ビットコイン(BTC)など6,000万円を横領、仮想通貨の投資詐欺も行い罰金1億2,500万円

ビットコイン(BTC)など6,000万円を横領、仮想通貨の投資詐欺も行い罰金1億2,500万円

米商品先物取引委員会(CFTC)が11月9日、アリゾナ州在住のジョセフ・キム(Joseph Kim)対して仮想通貨に関連した詐欺を働いたとして110万ドル(約1億2,500万円)の罰金を科すと発表した。同日、イリノイ北部地区連邦地方裁判所は、通信詐欺罪に問われた同被告に対して懲役15カ月を言い渡した。

仮想通貨を6,000万円近く横領し解雇

CFTCの発表によると、キム被告は2017年9月から11月にかけてシカゴにある自己売買業務を行う企業の口座からビットコイン(BTC)とライトコイン(LTC)を自身の口座に複数回にわたって送金を繰り返し、横領を行っていた。

ビットコイン(BTC)の価格チャート

会社の口座の仮想通貨が移動していることを問われた同被告は、取引所のセキュリティーの問題により複数の口座へ送金するよう求められたとうそをついていた。その後、同企業は横領を発見し、同被告を解雇。被害額は約60万ドル(約6,800万円)だった。
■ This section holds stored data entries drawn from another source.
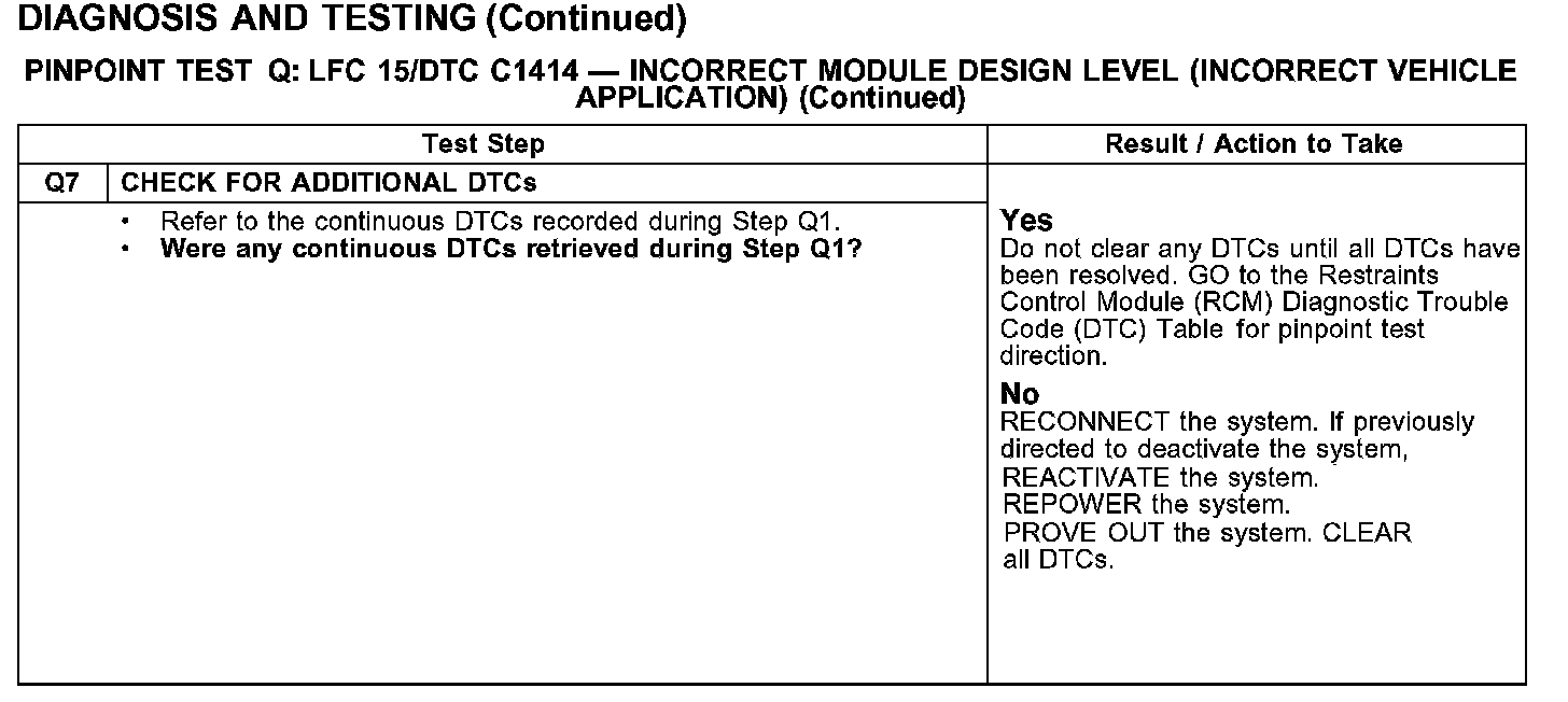 Test Q: LFC 15/DTC C1414 - Incorrect Module Design Level (Incorrect Vehicle Application)
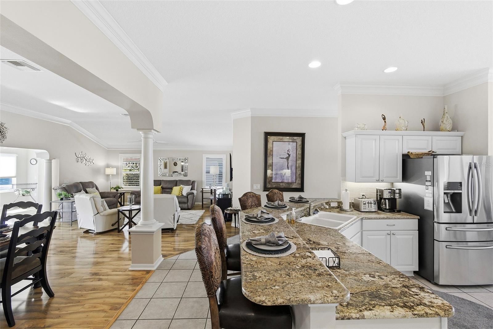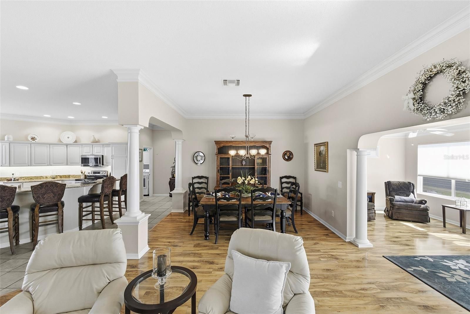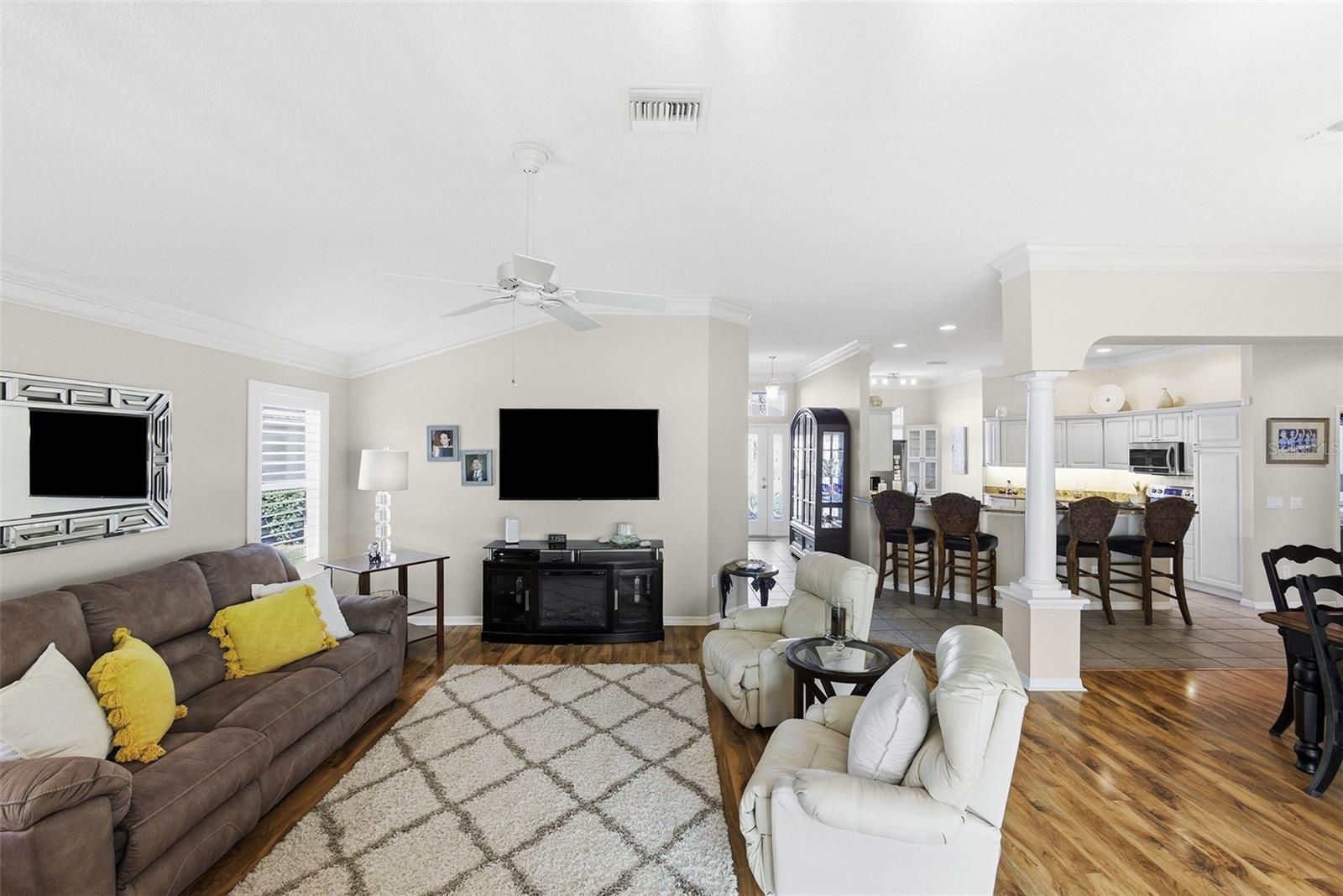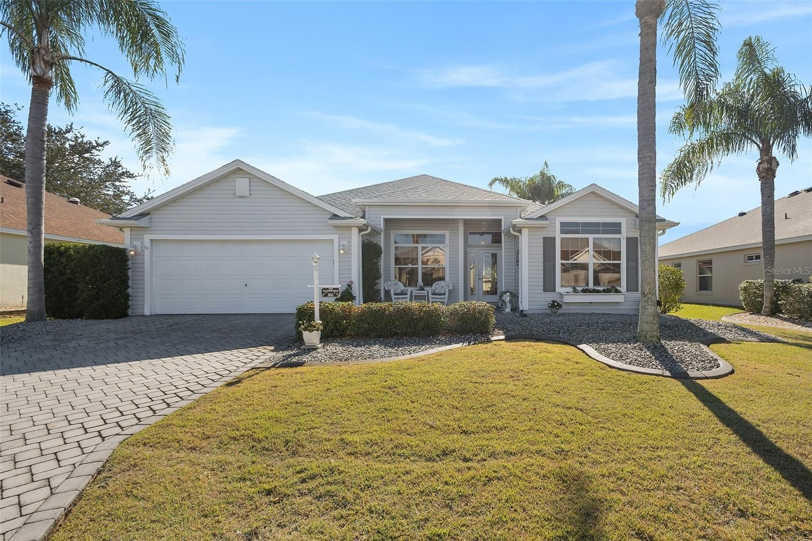 Village of Mallory Square • Camellia Designer Model • 3 Bedroom | 2 Bath • Open Floorplan • Enclosed Lanai • Side Patio with Remote Awning • No Carpet • Plantation Shutters • Crown Molding • Granite Countertops • Roof 2021 • No Bond Balance Welcome home to this beautifully maintained Camellia Designer Model located in the highly desirable Village of Mallory Square, offering an inviting open floorplan, thoughtful upgrades, and exceptional outdoor living. Situated on a quiet cul-de-sac street, the home welcomes you with charming curb appeal featuring a pavered driveway, leaded glass front door, low-maintenance tropical landscaping, and an open front patio that is perfect for morning coffee or evening relaxation. Step inside to discover vaulted volume ceilings and a bright, airy interior enhanced by plantation shutters, crown molding, and solid-surface flooring throughout with absolutely no carpet. The spacious living and dining areas flow seamlessly, creating an ideal setting for both everyday living and entertaining. The kitchen is both functional and stylish, showcasing granite countertops, newer stainless steel appliances, soft light creamy cabinetry, under-cabinet lighting, and a convenient eat-in nook for casual dining. From the main living area, extend your living space into the enclosed lanai, adding approximately 300 square feet of additional living area perfect for relaxing, reading, or hosting guests. Just beyond, a side patio with a remote-control awning provides a shaded outdoor retreat for grilling or enjoying Florida’s beautiful weather. The primary suite is a private haven, offering generous space, double walk-in closets, and a well-appointed en-suite bath with dual vanities and large linen storage. Two additional bedrooms provide flexibility, including a third bedroom currently configured as a den with a built-in desk and Murphy bed, making it ideal for a home office, hobby room, or guest space with abundant storage. Additional highlights include a roof replaced in 2021, pristine overall condition, and no bond balance, adding tremendous value and peace of mind. Ideally located in Mallory Square with convenient access to golf, recreation centers, shopping, dining, and nightly entertainment, this home offers the perfect blend of comfort, style, and The Villages lifestyle.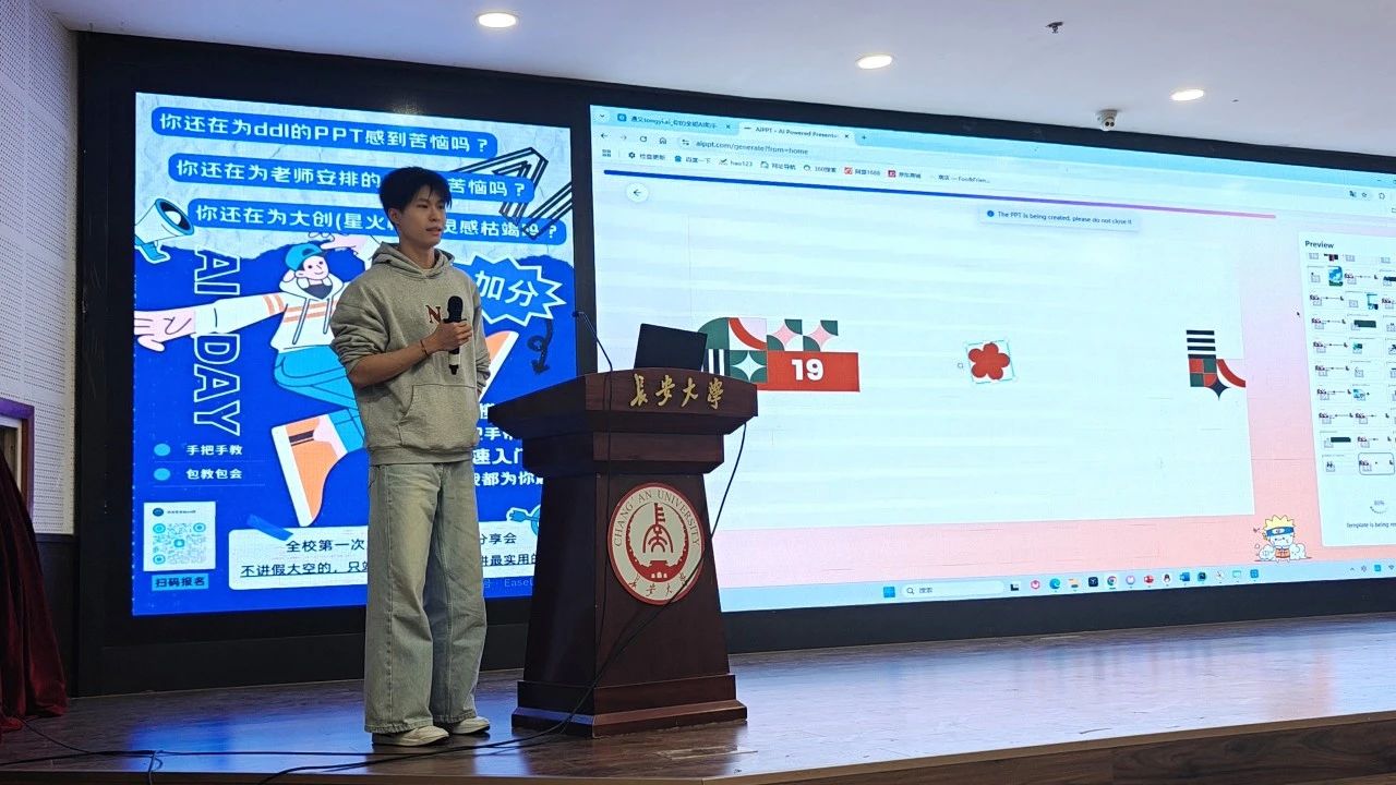 此次活动重点在于强化同学们高效运用 AI 的本领,使其快速掌握核心技能,并引导在 PPT 制作、学术研究等方面有效应用,以提升学习与工作成效。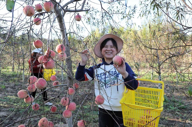 随着冬桃进入采摘期,入园采摘人数逐渐攀升,聘请帮忙务工的群众也日渐增多。目前,农场用工超过10人,人均增收2000元以上。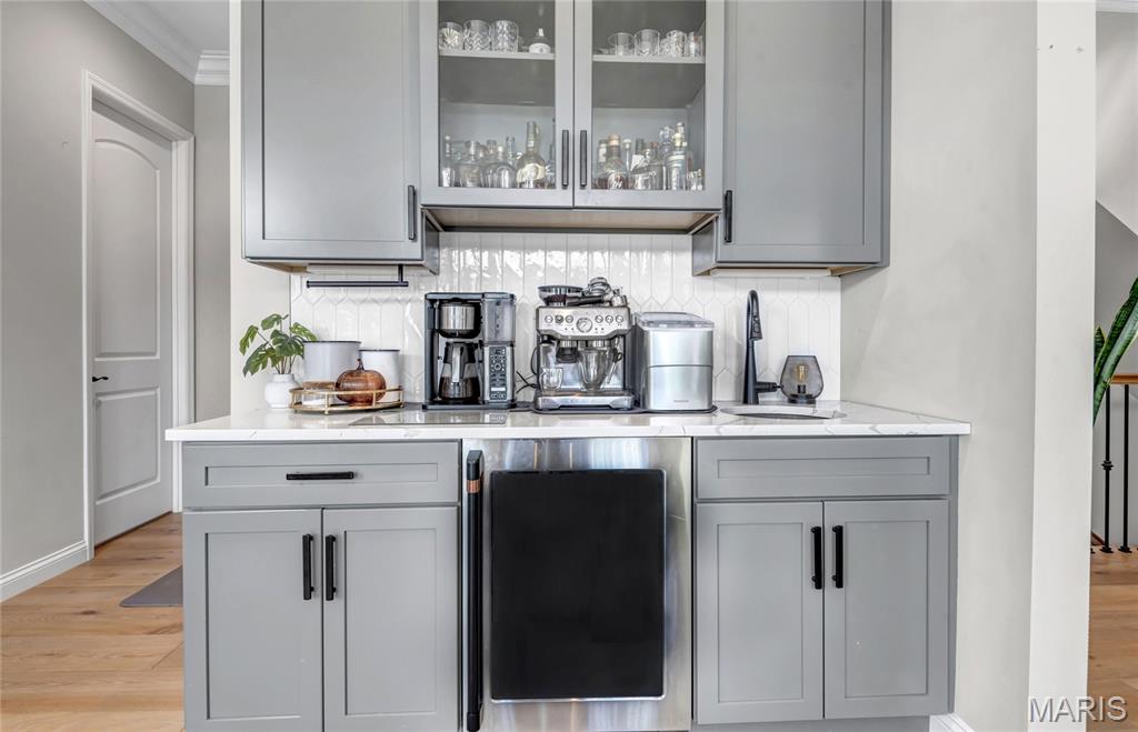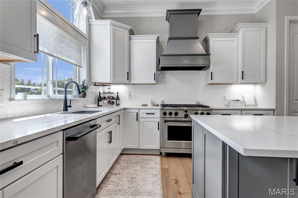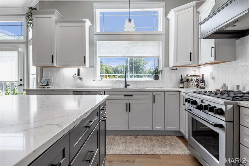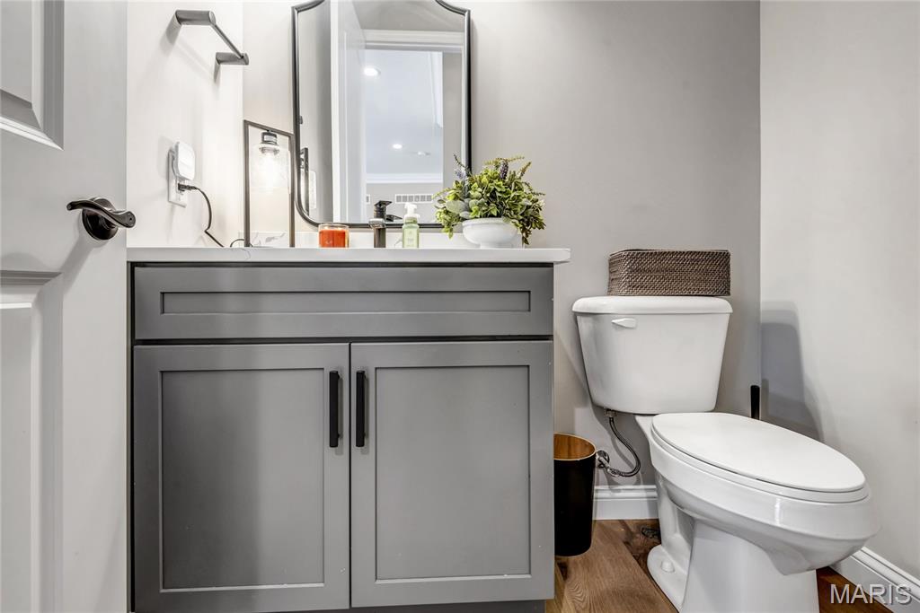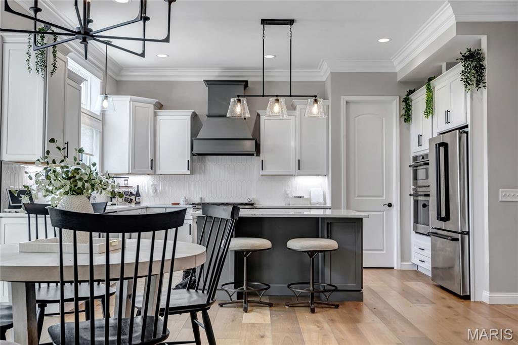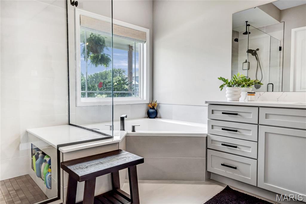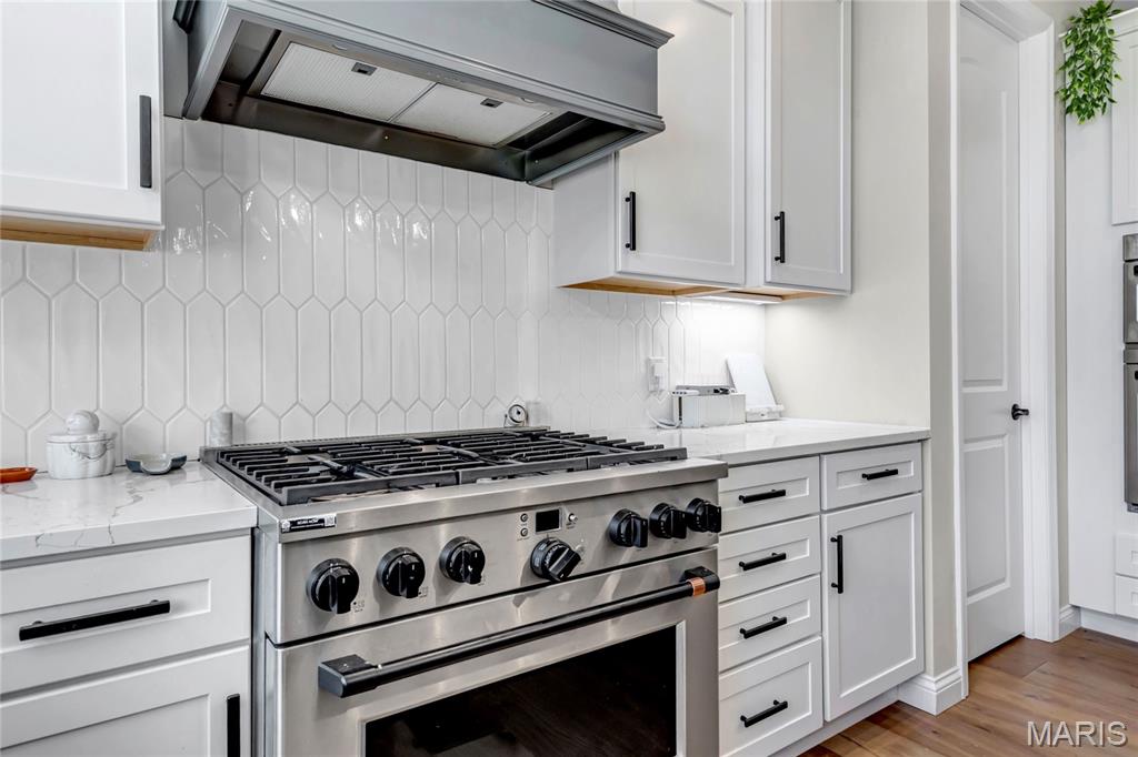 Luxury living in this quant and private subdivision of only 30 Executive Homes built convenient to downtown, Boeing, Amazon headquarters and STL airport. Soaring ceilings and stone fireplace surround just past the wood stairs w/wrought iron spindles will be the first thing to catch your eye as you walk in. This grand home built in 2023 by an esteemed custom home builder that only builds small select communities. Coffered ceiling dining room w/recessed lighting, 8’ doors throughout main level, along w/wide planked engineered wood flooring, crown molding and wall of transom windows on the back of home. All shades are remote controlled. Kitchen has all the bells w/large walk-in pantry, staggered white cabinets, quartz counters & on large island, pendant lighting, under-mount lighting, classy porcelain backsplash, 2-tone stainless appliances including 6-burner gas cooktop & vented hood. Beverage station has wine fridge and rinse sink. Mud room is large w/window and slop sink. Plenty of area to toss your coats & shoes w/bench and coat rack near 3-car garage entry also main coat closet near front foyer. Primary bedroom on main level has coffered ceiling, palladium window, gorgeous bath w/floor to ceiling tiled shower w/rain shower head, soaking tub, dbl vanities, natural stone flooring and 2 closets. Upper level sports a large bonus room and 3 bedrooms one with vaulted ceiling all with walk-in closets. 2 beds have private baths & 1 has a jack-n-jill bath. See-thru gas fireplace adjoins the backyard for chilling in the covered patio area or entertaining guest by watching the football game outside. Dual Zoned, Sprinkler system, 9'pour basement w/rough-in unfinished and ready for your plans.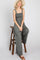 A sleeveless jumpsuit featuring a smocked bust, side pockets, and wide legs.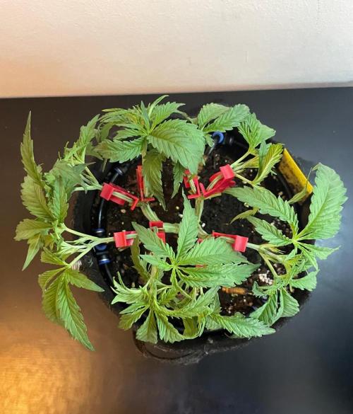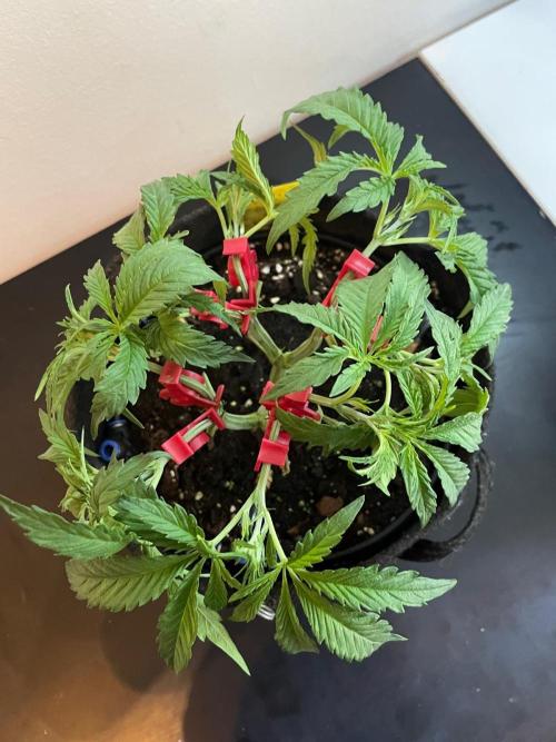 The plant is growing really nicely. It’s tending to stretch more vertically, which made it easy to train. I’ll soon flip her into flower with the 8 main shoots, once I’ve spread her out a bit more over the pot. I’m really looking forward to that. I just hope she doesn’t stretch too much in height.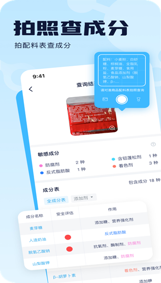 【防伪查询】通过扫描条形码/二维码就可以查询化妆品真假面值,并且还提供了详细的成分说明(含酒水、脂肪)、功效、作用、用途、用药、营养等资料,是你日常必备的护肤助手。

キム被告はその後、同企業へ返済するため仮想通貨の取引を続け収益を上げようと、顧客から不正に資金調達を行っていた。2017年12月から18年3月までの間に、少なくとも5人の顧客から54万5,000ドル(約6,100万円)の資金を集め、仮想通貨への投資に充てていた。

騙して集めた資金も仮想通貨に投資し、全て失う

しかし資金を集める際に顧客に対して同被告は、前の会社を横領によって解雇されたことを隠し、自身の投資会社を始めるために自主退社したと話していた。さらに、顧客にはリスクの低い仮想通貨のアービトラージで資金を運用すると説明していたが、実際は比較的リスクの高いディレクショナル型の取引を行っていた。

その結果、同被告は顧客から預かった全ての資金を失った。そして、顧客には損失を隠すため取引によって利益が出ているようにみせた偽の取引明細を送っていたという。同被告は被害にあった企業と顧客に対して合計114万6,000ドル(約1億3,000万円)を返還命令を受け、今後の仮想通貨を含む取引が禁止された。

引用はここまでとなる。